Y es que la construcción supranacional es menos federal de lo que las mayorías cualificadas sugieren. La ampliación de los ámbitos en los cuales la toma de decisiones se realiza aplicando mayorías cualificadas y el consiguiente repliegue del uso de la unanimidad debería sugerir un futuro mucho más supraestatal o cuasi federal, pero no es así. De hecho, incluso algunas simbologías básicas que contemplaba el Tratado Constitucional han desaparecido con el Tratado de Lisboa. Los Veintisiete aprovecharon el rechazo francés y holandés para cargarse, entre otras cosas, cosas aparentemente tan inofensivas como la alusión a la bandera y al himno europeos.
Lisboa sí otorga, en cambio, personalidad jurídica única a la Unión, en lo que se refiere a su capacidad para celebrar Tratados o adherirse a organizaciones internacionales. Lo que ha sucedido, de facto, es que desaparece formalmente la tradicional división en comunidades (Comunidad Europea, CECA y EURATOM) y en sectores de carácter intergubernamental (política exterior y de seguridad común y cooperación policial y judicial). Todo ello se comunitariza o comienza a comunitarizarse para conceder a la Unión una personalidad jurídica más explícita que la que tenía.
Además, el label de «Constitución», otro símbolo más de marketing que real, también desaparece con Lisboa, y las reformas de los tratados vuelven al tradicional y opaco método de las conferencias intergubernamentales tras el experimento de la Convención (fallido también en términos de transparencia y acercamiento real a los ciudadanos). Pero el método de las CIG (Conferencias Intergubernamentales) también está en cuestión, ya que el rechazo inicial irlandés a Lisboa mostró que cualquiera puede imponer cambios a los tratados pactados en ulteriores (y aún más secretas) negociaciones. Del mismo modo que Irlanda votó a la segunda un texto distinto al pactado en Lisboa, los estados que lo ratificaron previamente deberían haberlo ratificado de nuevo, al tratarse de un texto radicalmente reformado, al menos, en cuanto al concepto y la composición de la Comisión.
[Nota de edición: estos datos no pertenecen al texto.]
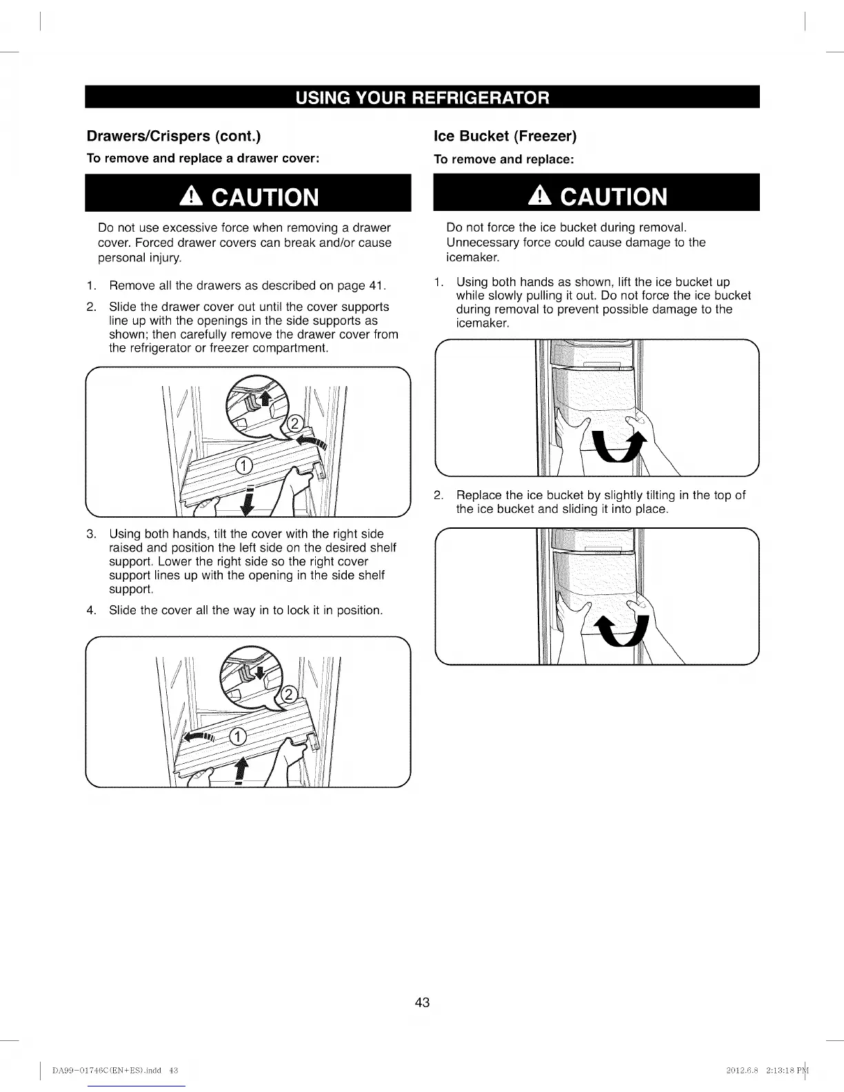 while slowly pulling it out. Do not force the ice bucket
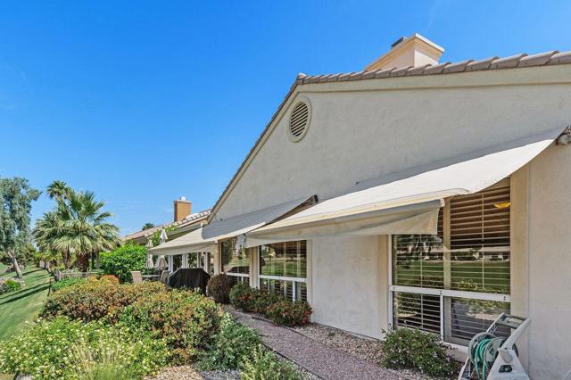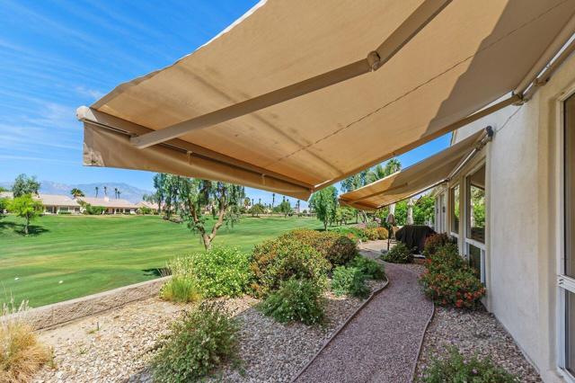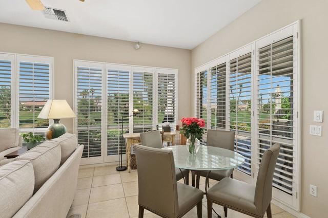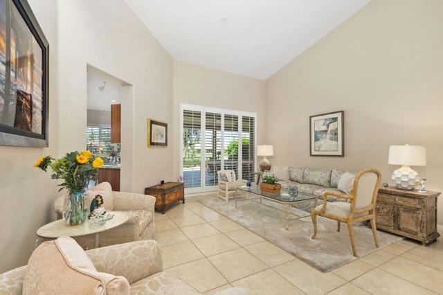 This San Remo model home is situated in Sun City Palm Desert, an exclusive guard-gated golf course community. This 3-bedroom, 2.5-bathroom residence offers 2,432 square feet of living space and is positioned on an elevated lot offering stunning views of the golf course and mountains. The property features a spacious covered patio ideal for enjoying mountain vistas and sunsets. Enter this home through double doors that lead into an interior with soaring ceilings, creating a spacious and inviting atmosphere suitable for relaxation and entertainment. The family room includes a cozy fireplace, enhancing the home's warmth. The remodeled kitchen boasts granite countertops, a breakfast bar, and ample cabinetry. The primary suite is a luxurious retreat, complete with a spa-like bathroom offering dual sinks, a separate shower, a soaking tub, and a generously sized walk-in closet. Throughout the home, plantation shutters enhance both style and functionality. In 2023, the HVAC system and water heater were replaced. The property also offers a two-car garage plus a dedicated golf cart garage. Don't miss this exceptional opportunity to own a home on the golf course in Sun City.

Lisboa entra en vigor, pero no muchas de sus normas, ni tan siquiera el nuevo reparto del poder. El Consejo, los estados, se dan una tregua hasta 2014. Hasta esa fecha una de las claves será como gestiona el Parlamento su reforzado poder de codecisión y cómo le sienta eso a los estados. Entonces se renovará la Cámara y los estados habrán negociado ya el nuevo marco presupuestario.